┌──

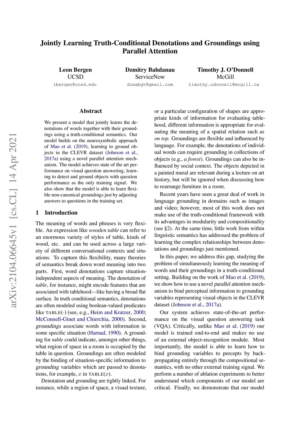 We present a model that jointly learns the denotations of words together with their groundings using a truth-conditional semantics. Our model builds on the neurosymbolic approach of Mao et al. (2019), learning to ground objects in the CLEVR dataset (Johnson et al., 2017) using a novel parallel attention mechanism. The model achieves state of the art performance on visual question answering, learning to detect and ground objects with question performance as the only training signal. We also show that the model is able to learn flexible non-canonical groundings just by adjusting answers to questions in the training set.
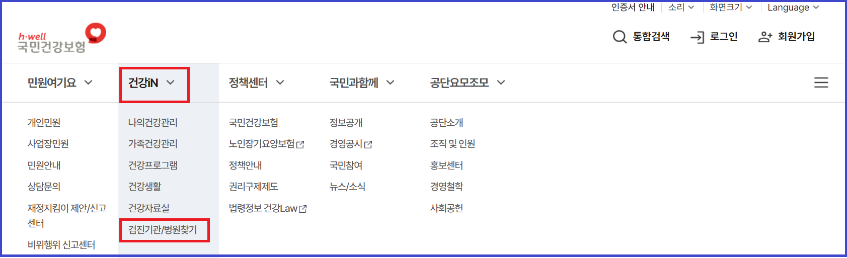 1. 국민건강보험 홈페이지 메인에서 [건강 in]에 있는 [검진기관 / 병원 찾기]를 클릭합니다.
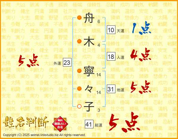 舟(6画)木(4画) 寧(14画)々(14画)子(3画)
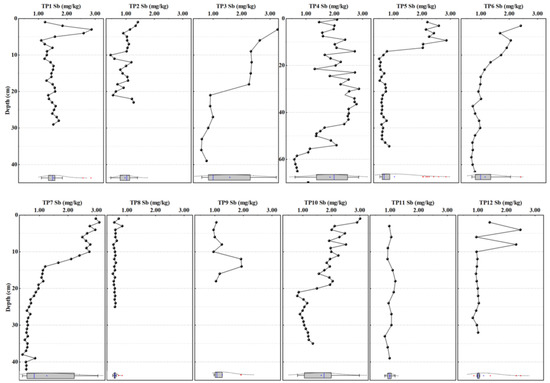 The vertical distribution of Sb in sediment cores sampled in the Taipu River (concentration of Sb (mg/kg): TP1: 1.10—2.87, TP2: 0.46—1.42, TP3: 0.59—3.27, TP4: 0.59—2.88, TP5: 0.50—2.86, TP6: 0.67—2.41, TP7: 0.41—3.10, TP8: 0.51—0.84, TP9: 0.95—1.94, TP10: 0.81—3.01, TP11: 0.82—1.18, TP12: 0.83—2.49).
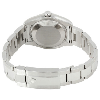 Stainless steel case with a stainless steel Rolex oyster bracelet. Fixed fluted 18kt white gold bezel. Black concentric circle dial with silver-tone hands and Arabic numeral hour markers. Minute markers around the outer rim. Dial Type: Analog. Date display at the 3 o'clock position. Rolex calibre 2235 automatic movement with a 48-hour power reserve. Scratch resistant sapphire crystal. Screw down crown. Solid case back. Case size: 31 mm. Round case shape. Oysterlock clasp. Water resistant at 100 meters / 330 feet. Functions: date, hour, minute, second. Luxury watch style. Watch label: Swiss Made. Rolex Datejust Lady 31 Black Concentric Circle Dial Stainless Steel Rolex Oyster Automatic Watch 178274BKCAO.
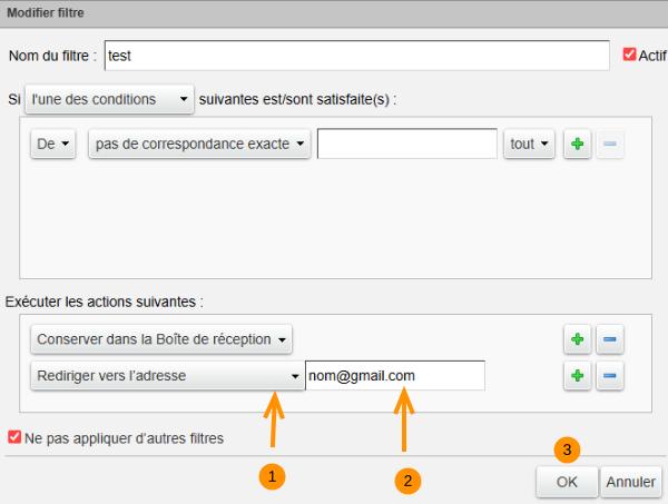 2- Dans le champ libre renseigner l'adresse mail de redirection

└──

> _Task details_
Write out the lines from the line with "The vertical distribution" through the end of the records exactly; do not include pictures or any other lines.

> _Answer space_
 The vertical distribution of Sb in sediment cores sampled in the Taipu River (concentration of Sb (mg/kg): TP1: 1.10—2.87, TP2: 0.46—1.42, TP3: 0.59—3.27, TP4: 0.59—2.88, TP5: 0.50—2.86, TP6: 0.67—2.41, TP7: 0.41—3.10, TP8: 0.51—0.84, TP9: 0.95—1.94, TP10: 0.81—3.01, TP11: 0.82—1.18, TP12: 0.83—2.49).
 Stainless steel case with a stainless steel Rolex oyster bracelet. Fixed fluted 18kt white gold bezel. Black concentric circle dial with silver-tone hands and Arabic numeral hour markers. Minute markers around the outer rim. Dial Type: Analog. Date display at the 3 o'clock position. Rolex calibre 2235 automatic movement with a 48-hour power reserve. Scratch resistant sapphire crystal. Screw down crown. Solid case back. Case size: 31 mm. Round case shape. Oysterlock clasp. Water resistant at 100 meters / 330 feet. Functions: date, hour, minute, second. Luxury watch style. Watch label: Swiss Made. Rolex Datejust Lady 31 Black Concentric Circle Dial Stainless Steel Rolex Oyster Automatic Watch 178274BKCAO.
 2- Dans le champ libre renseigner l'adresse mail de redirection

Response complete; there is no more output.